### WHAT YOU ARE ASKED TO DO
Copy, exactly as written, the lines that begin at the one containing "ピアノ田中愛子、ボーカル野間瞳、ベース土谷周平" and end at the one containing "- Green Linen". Skip any pictures in the data below.
BEGIN THE DATA
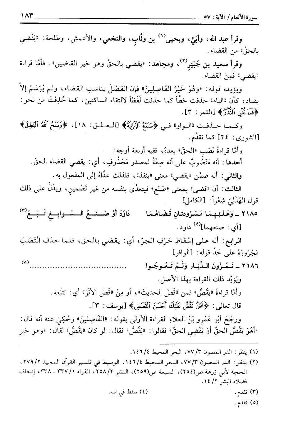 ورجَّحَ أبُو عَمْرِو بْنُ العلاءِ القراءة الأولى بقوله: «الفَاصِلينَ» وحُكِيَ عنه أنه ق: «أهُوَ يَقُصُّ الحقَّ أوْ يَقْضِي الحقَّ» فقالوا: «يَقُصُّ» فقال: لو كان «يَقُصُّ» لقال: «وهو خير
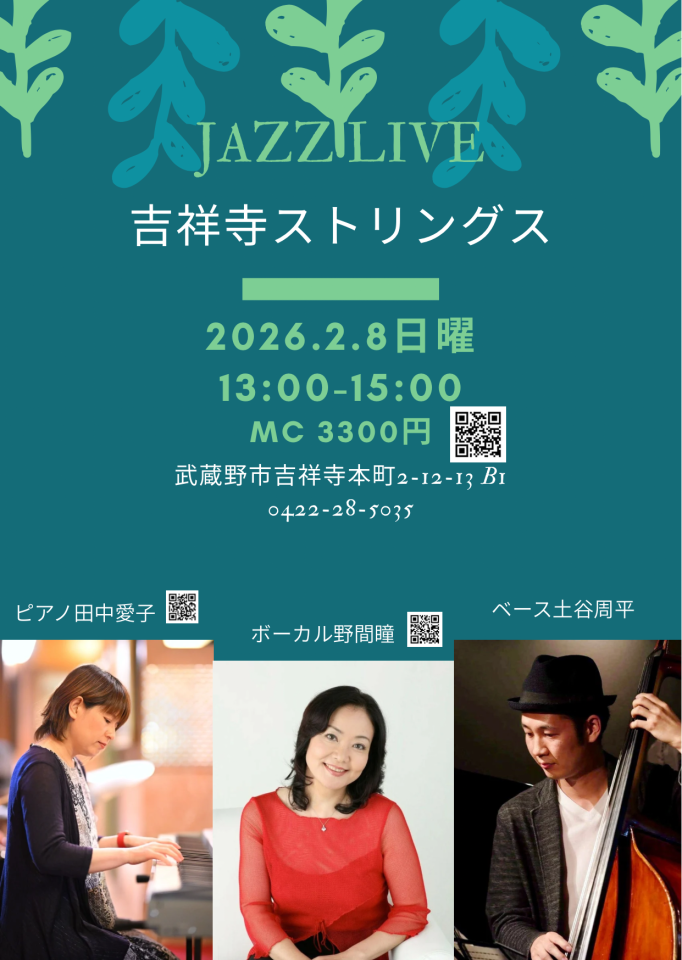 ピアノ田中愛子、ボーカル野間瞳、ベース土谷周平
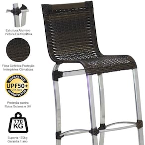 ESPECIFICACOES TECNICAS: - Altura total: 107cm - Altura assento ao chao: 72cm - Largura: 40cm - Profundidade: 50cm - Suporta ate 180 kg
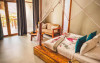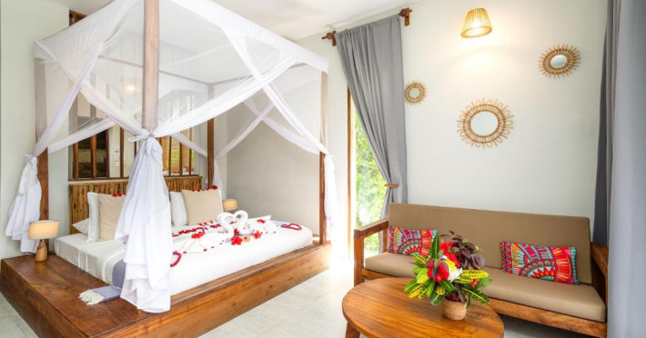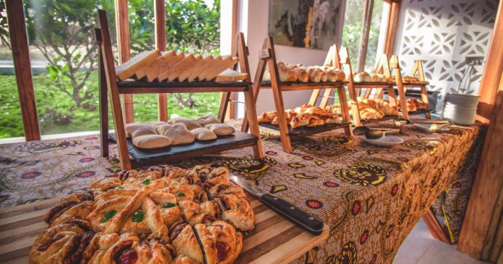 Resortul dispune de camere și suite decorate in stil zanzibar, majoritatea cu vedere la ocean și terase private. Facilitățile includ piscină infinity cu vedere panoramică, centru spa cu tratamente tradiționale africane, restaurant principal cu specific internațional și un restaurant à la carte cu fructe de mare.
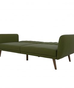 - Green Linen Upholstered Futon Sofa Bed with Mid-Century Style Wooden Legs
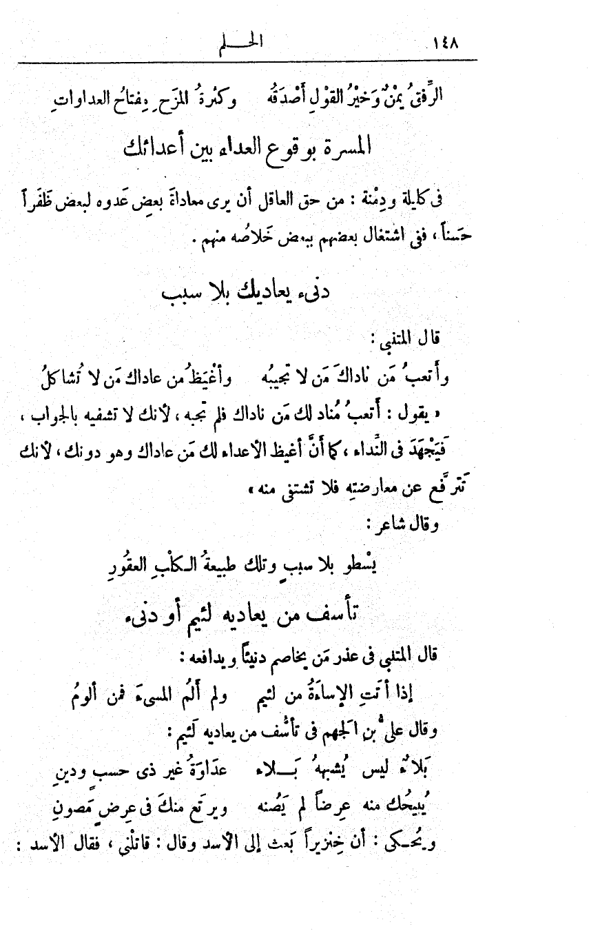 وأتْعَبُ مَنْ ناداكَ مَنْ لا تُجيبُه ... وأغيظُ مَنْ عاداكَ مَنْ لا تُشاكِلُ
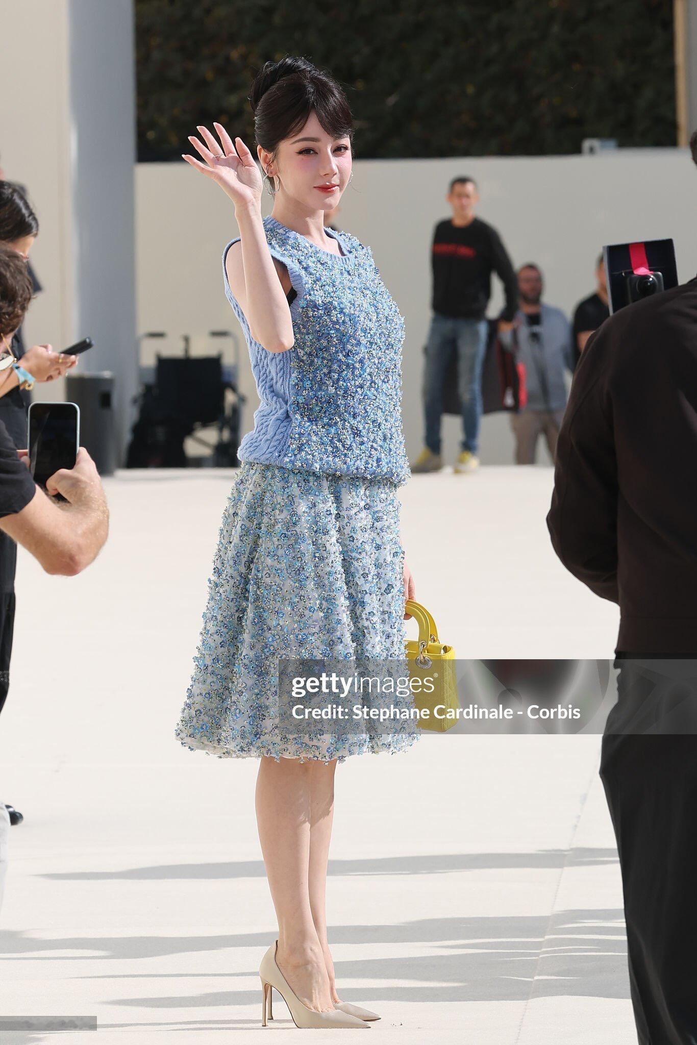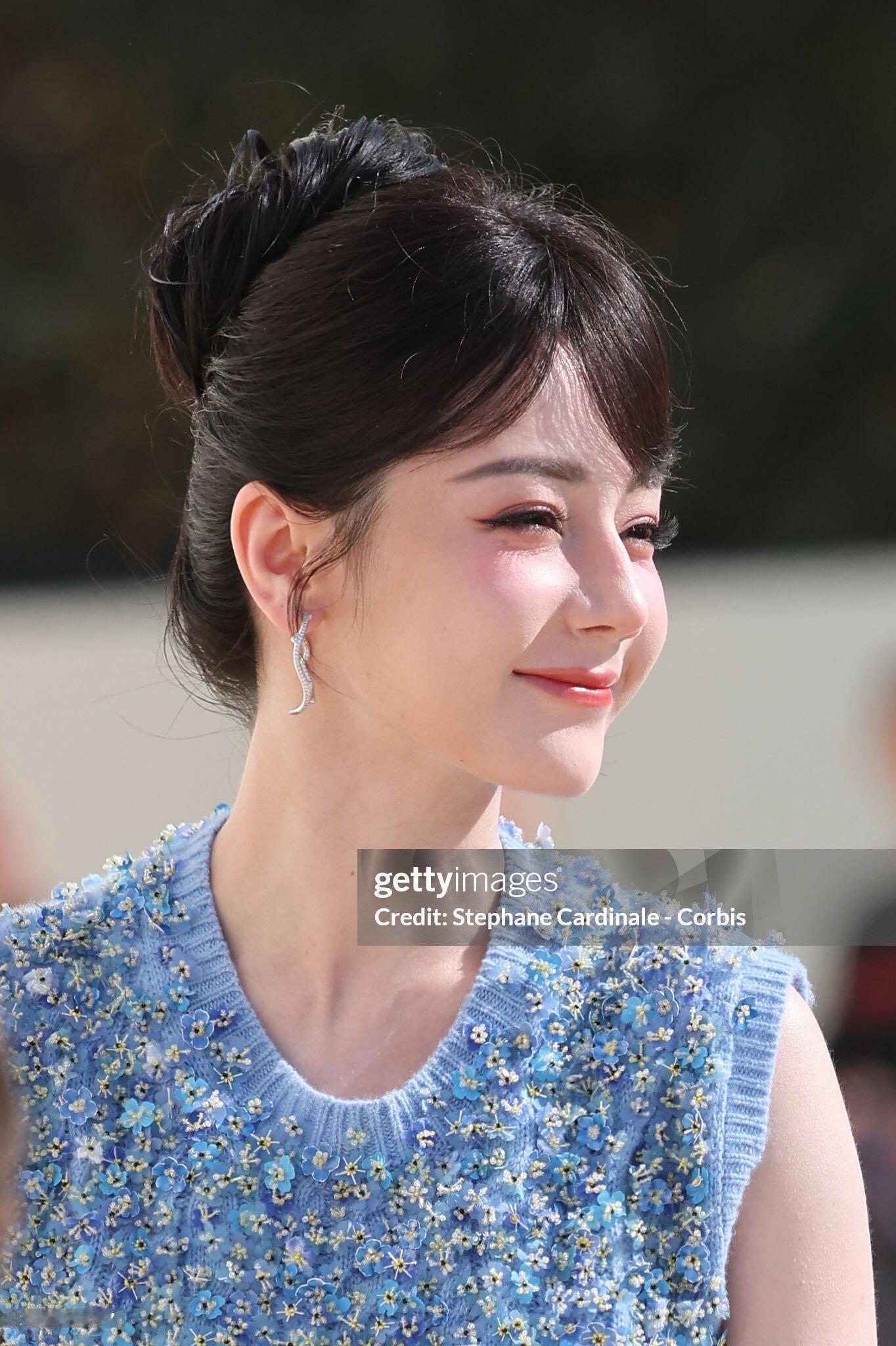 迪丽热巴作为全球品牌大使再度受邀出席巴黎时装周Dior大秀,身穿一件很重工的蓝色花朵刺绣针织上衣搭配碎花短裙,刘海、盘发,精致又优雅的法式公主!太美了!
END THE DATA
BEGIN THE DATA
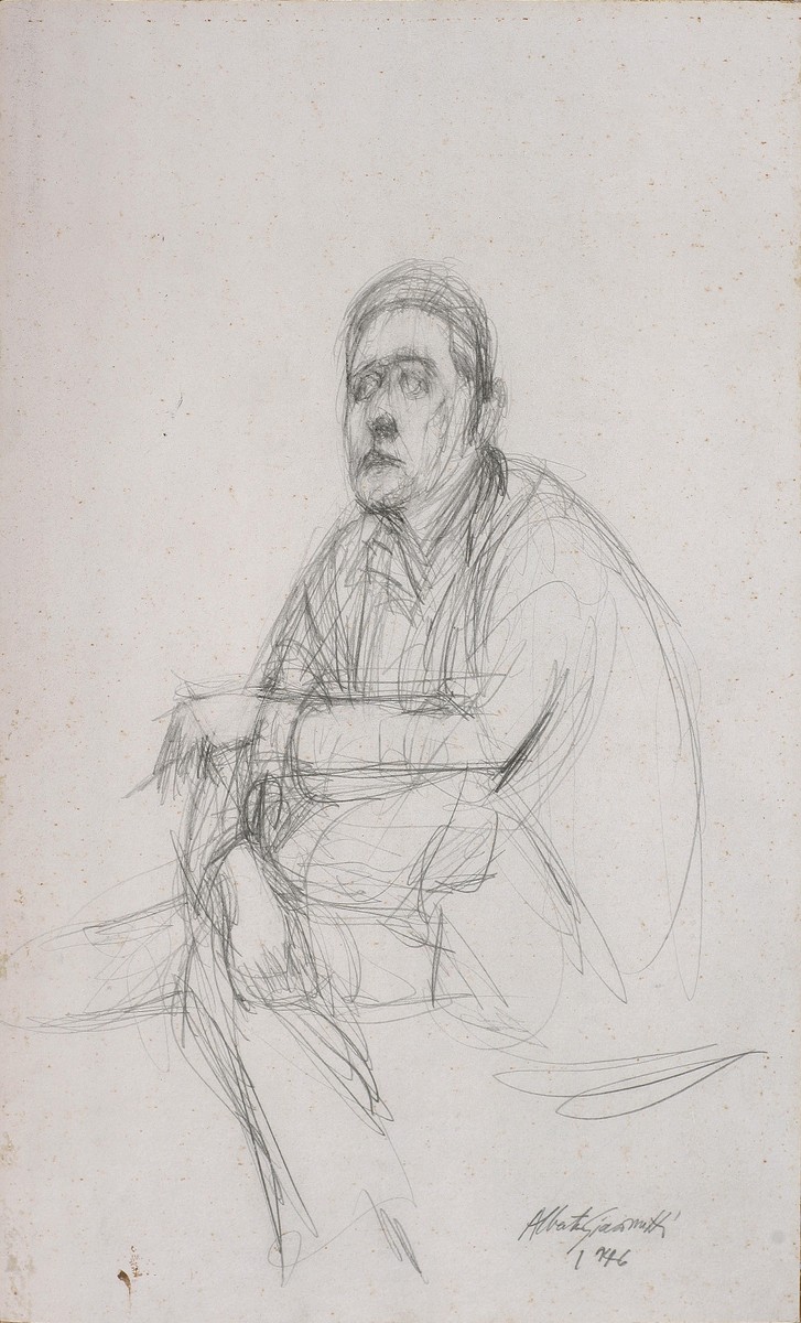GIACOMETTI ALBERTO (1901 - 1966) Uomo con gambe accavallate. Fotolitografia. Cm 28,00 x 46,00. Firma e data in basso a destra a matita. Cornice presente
END THE DATA
### SOLUTION TO THIS EXERCISE
 ピアノ田中愛子、ボーカル野間瞳、ベース土谷周平
 ESPECIFICACOES TECNICAS: - Altura total: 107cm - Altura assento ao chao: 72cm - Largura: 40cm - Profundidade: 50cm - Suporta ate 180 kg
 Resortul dispune de camere și suite decorate in stil zanzibar, majoritatea cu vedere la ocean și terase private. Facilitățile includ piscină infinity cu vedere panoramică, centru spa cu tratamente tradiționale africane, restaurant principal cu specific internațional și un restaurant à la carte cu fructe de mare.
 - Green Linen Upholstered Futon Sofa Bed with Mid-Century Style Wooden Legs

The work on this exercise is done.